Another Frenchman was due to be honoured too as he was the first who came in contact with gunman Ayoub El Khazzani and tried to stop him. But he has asked to remain anonymous.
   
Here are the five and the role they played in foiling what could potentially have been a bloodbath:
 
Spencer Stone
 
Spencer Stone, a US Air Force member, was the first to reach the gunman before being slashed in the neck and hand with a box-cutter.
   
He had just woken up from a "deep sleep" when he turned around and saw the alleged attacker, who was holding an AK-47, and he ran towards him, his friend Alek in close pursuit.
   
"We tackled him and he hit the ground, and Alek grabbed the gun while I put him in a choke hold. He kept pulling more weapons left and right.
   
"He pulled out a hand gun and a box cutter and started jabbing at me with that."
   
The 23-year-old was described by the others as strong and quick, and with the presence of mind to help stanch the bleeding from the seriously wounded passenger, even while hurt himself.
    
"I saw he was squirting blood out of his neck and I was going to use my shirt, but that wouldn't have worked.
   
"I stuck two of my fingers in the hole and found what I thought to be the artery and pushed down and the bleeding stopped, and I held that until the paramedics got there.
   
An airman first class, he is stationed at Lajes Air Base in the Azores. Stone is originally from the Sacramento suburb of Carmichael in California.
 
 
Alek Skarlatos 
   
Skarlatos, a member of the Oregon National Guard, had recently completed a deployment to Afghanistan and was treating himself to a monthlong European vacation with his friends, US media reported.
   
His father Emmanuel Skarlatos told KATU News he was inspired by his 22-year-old son's actions.
   
"He said he and his friend took down a terrorist on a train heading to Paris.
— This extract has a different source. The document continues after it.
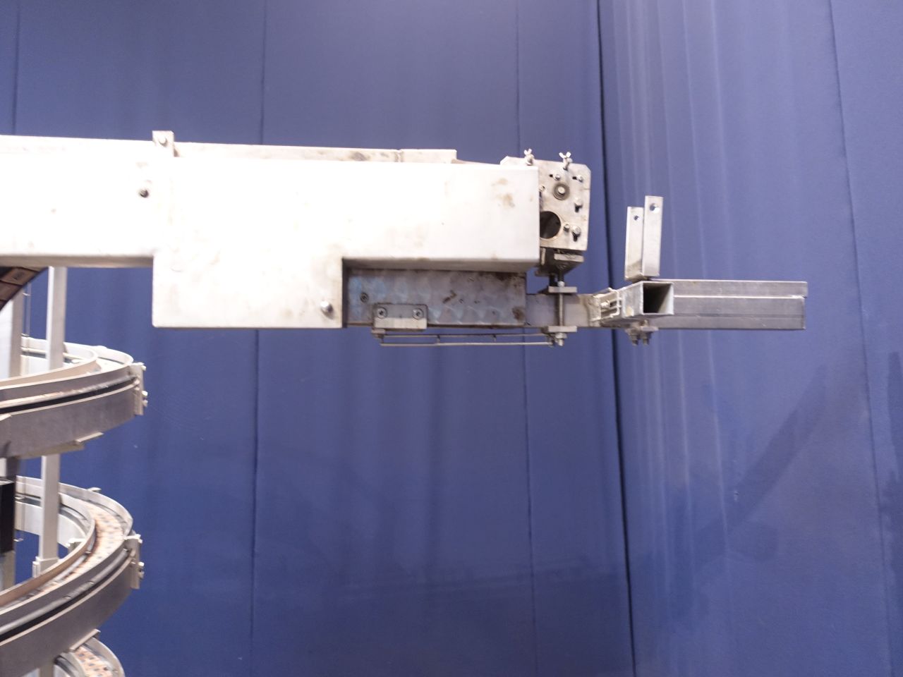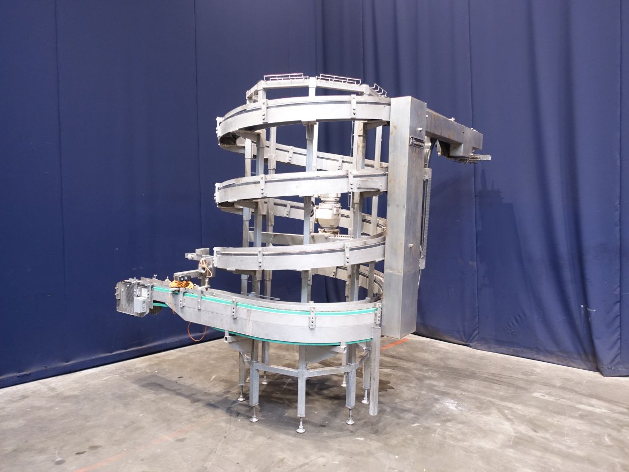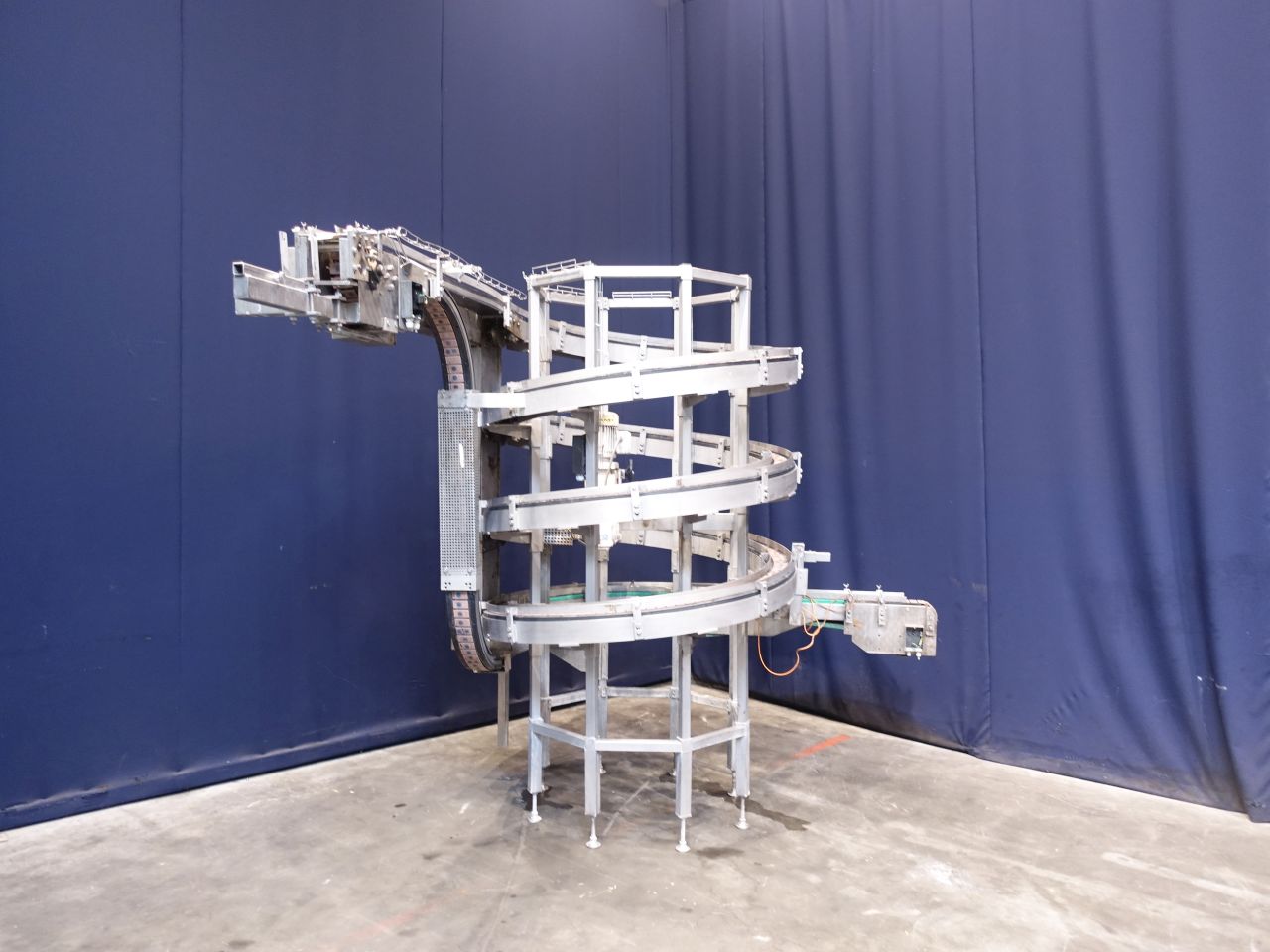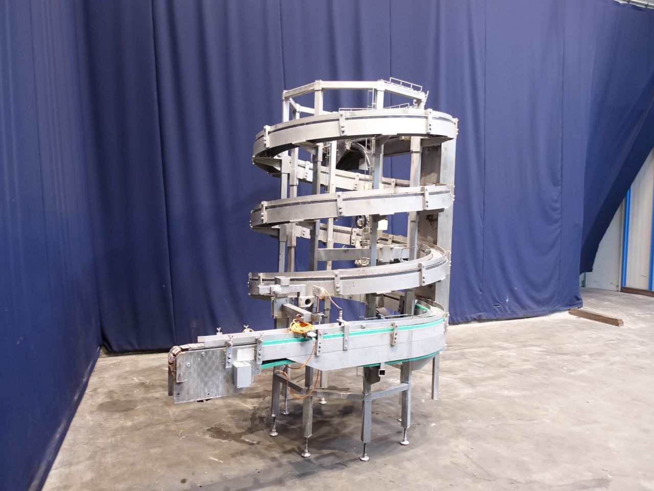 Upgoing spiral chain conveyor. Upgoing from: 93 cm to 230 cm. Effective Belt: width: 8 cm. Motor: 0,55 KW - 1410 rpm. Total Dimensions: 240 x 320 x 250 cm. Has been running together with STN14385, 14386, 14388.
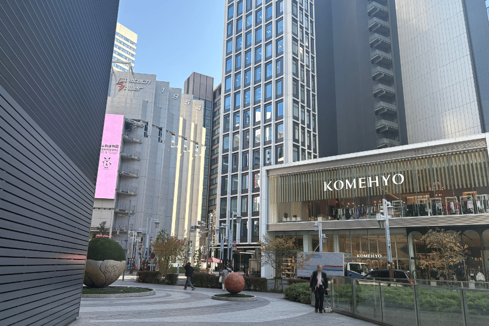 4. 道路の向こう側にKOMEHYOのビルがあります。「名駅四丁目西」の交差点を渡り、KOMEHYOビルの横、エニシオ名駅の入口からお入りください。館内に入って右手にあるエレベーターで16階までお上がりいただくと、サーブコープエニシオ名駅拠点に到着します。

Just like that, like it was no big deal," said the elder Skarlatos, 65. 
 
"I said, 'What?'"
   
Skarlatos said "let's go" when he spotted the gunman, and he was right behind Stone as he charged the attacker.
 
"All three of us started punching him while he was in the middle of us and I was able to grab him again and choke him unconscious while Alek was hitting him in the head with the pistol or rifle," Stone said.
   
Stone's mother, Joyce Eskel, said she believed that Skarlatos saved her son's life.
   
"I really feel like they had a divine intervention and they were saved because the gun was at [Stone's] head and [the terror suspect] tried to shoot twice," Eskel told Sacramento's ABC news station affiliate.
   
Skarlatos is also originally from Carmichael.
 
 
Anthony Sadler
 
The third American was 23-year-old Anthony Sadler, a student at Sacramento State University.
   
He and a British business consultant, Chris Norman, helped subdue the man and keep him held down, after he was tackled.
   
"He leaves here a young man on an excursion and he comes back France's national hero. I'm still wrapping my head around that," his father, Anthony Sadler Sr, said in an interview with NBC television.
   
For Sadler, "hiding or sitting back" was never going to accomplish anything.
   
"The gunman would have been successful if my friend Spencer had not gotten up," he told reporters in Paris.
   
"I want that lesson to be learned. In times of terror like that to please do something. Don't just stand by and watch."
 
 
Chris Norman 
 
"I don't feel like a hero," said Norman, 62, who was the fourth man involved in restraining the gunman.
   
Norman is a Uganda-born British national who grew up in the south of France and had spent four years living in England, where he has family.
   
Norman is married with two children, one of whom is in the French navy, and two grandchildren.
   
The Daily Telegraph newspaper said he has lived in France for the past two decades and is based in the southern city of Nimes.
   
He said he helps African entrepreneurs find financing in Europe and was in the Netherlands looking for export credits for one of his clients.
   
Of his actions on the train, he said: "It was very rapid reasoning.
   
"My thought was, OK, I'm probably going to die anyway, so let's go. I'd rather die being active, trying to get him down, rather than simply sit in the corner and be shot.
   
"Once you start moving, you're not afraid any more."
   
Speaking at the Elysee presidential palace on Monday, his brand new medal clipped onto his suit, Norman said it was "a little bit difficult to believe that it's actually happened."
   
"I think that one way or another, we are going to be facing this kind of problem quite a few times in the future, and I would invite you all to think about 'what would I do in that situation'.
   
"Act if the opportunity presents itself. Obviously you don't want to throw yourself in a situation that is completely hopeless, but act if you can."
 
 
Unidentified Frenchman 
   
A Frenchman who wishes to remain anonymous was the first person to discover the attacker in the train restroom -- with a Kalashnikov slung over his shoulder, according to French Interior Minister Bernard Cazeneuve.
   
He "courageously tried to tackle him before the attacker fired several shots," he added.